I have been pondering over this question for a couple of days now and maybe got lost in the details. I am a Psych Grad student, so my stats knowledge is not as deep as I would wish for.
I did an experiment with the following design: participants watched some videos and answered questions about them afterwards. All participants answered the same questions. One of the questions, the dependent variable, is dichotomous. Did they answer the question correctly or not (1/0). The other question of interest (IV1) is dichotomous too and of the same kind, just asking for another aspect of the videos. And the last Variable is about the category of video the question is targeting (1/2/3/4). So:
- DV: dichotomous
- IV1: dichotomous
- IV2: categorical
My hypothesis is that people performing well in IV1 in category 4 of IV2 will perform worse for the DV.
As the counts of DV anf IV1 depend on the performance of the participants, the design is unbalanced.
In every single paper of my field and specific research subject, everyone uses repeated measures ANOVAS. And reading a little, it looks like the thing I could do is an unbalanced Type-II-SS ANOVA. On the other hand I found a paper (here) that says ANOVA for dichot. variables is okay, but the design needs to be balanced, if I got it right. And in general, an ANOVA will only show me THAT there is an impact of the IV on the DV, not in which direction. So - when doing this in R - could I first create the linear model
mod1 <- lm(DV ~ IV1, IV2)
and then put this into Anova(mod1, type = 2) and see what kind of effects I find?
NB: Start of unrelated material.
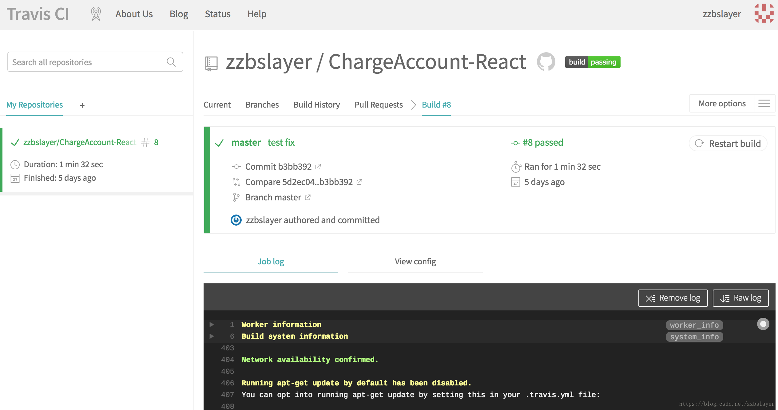 至此,travis-ci配置就结束了。可以尝试修改项目,并且提交一次commit。在travis-ci中可以看到ci结果。

And if I find one, lets say for IV1, then I can suggest the direction based on the intercept of the lm?
For the post-hoc tests, I would do pairwise t-tests and I read somewhere that in R glth() of the multicomp-package could do the job.
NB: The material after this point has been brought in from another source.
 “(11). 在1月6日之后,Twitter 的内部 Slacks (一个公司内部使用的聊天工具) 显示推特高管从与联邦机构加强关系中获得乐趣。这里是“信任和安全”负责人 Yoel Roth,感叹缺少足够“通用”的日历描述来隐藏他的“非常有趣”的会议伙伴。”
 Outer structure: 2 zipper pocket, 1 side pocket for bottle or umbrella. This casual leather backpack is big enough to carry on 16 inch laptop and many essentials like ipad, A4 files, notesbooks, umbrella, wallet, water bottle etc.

I also thought of correlations using the phi-coeff. and chi². But then again, I'd have several correlations and would need to compare those too somehow.
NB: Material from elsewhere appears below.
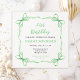 This cute and whimsical birthday party invitation features a cute green ribbon frame. The text combines handwritten script and sans serif fonts for a stylish and modern look.

So: Is an unbalanced ANOVA the way to go for me? All papers before me did it, I could just do it. But I want to make sure it really is the correct approach, statistically. Another suggestion I got was doing a logistic regression. But as far as I read about it, this won't work with my kind of IVs. And if I do the ANOVA, can I do the lm approach to tell something about the direction of effect?